Abstract

Investigation into the antioxidant properties of plants is a very active field of research. Amaranths are underutilized pseudo-cereals with nutraceutical potentials. The phytochemical and antioxidant activity of five grain amaranth species were evaluated using standard procedures. Highest tannin content (0.14 g/100g) and Fe chelating (66.72%) capacity was recorded in Amaranthus caudatus. Amaranthus cruentus had the highest total flavonoid (9.93 mg CE/100g) content. Amaranthus Hybridus had the highest Phytate (1.58 g/100g), total polyphenol (30.79 mg GAE/100g), DPPH scavenging activity (93.35 %), ferric reducing power (0.19 g/100g), total antioxidant 199.93 mg AAE/100g) and ABTS (201.54 mmol TE/100g) content respectively. Strong correlation was observed between the phytochemicals and antioxidant tested. From the results, grain amaranth species possess antioxidant capacity and polyphenolic content.
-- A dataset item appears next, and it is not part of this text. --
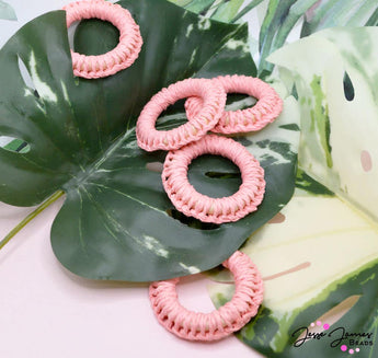 360 degrees of color! This rattan focal pair features a light pink hue overtop a natural brown base. These gnarly pieces add a classic Miami-esque feel to earrings, necklaces, and more. Each piece measures 47mm round. Sold in pairs.

These qualities in amaranths have promising potential means of food biofortifications.

1. Introduction

Investigations into the antioxidant properties in plants is a very active field of research, especially for the not so well-known and underutilized plants. Phenolic compounds in plants possess antioxidant activity which help protect cells against oxidative damage caused by free radicals ¹. Diet containing whole-grain products and vegetables as primary ingredients has become one of the most important recommendation for reducing the risk of diseases caused by the increased level of free radicals ². Consumption of grains and vegetables has become increasingly popular for improvement and maintenance of heart health status, owing to the associated reduced risks of cardiovascular disease, and other associated chronic diseases such as diabetes and some forms of cancers ^{54, 55}.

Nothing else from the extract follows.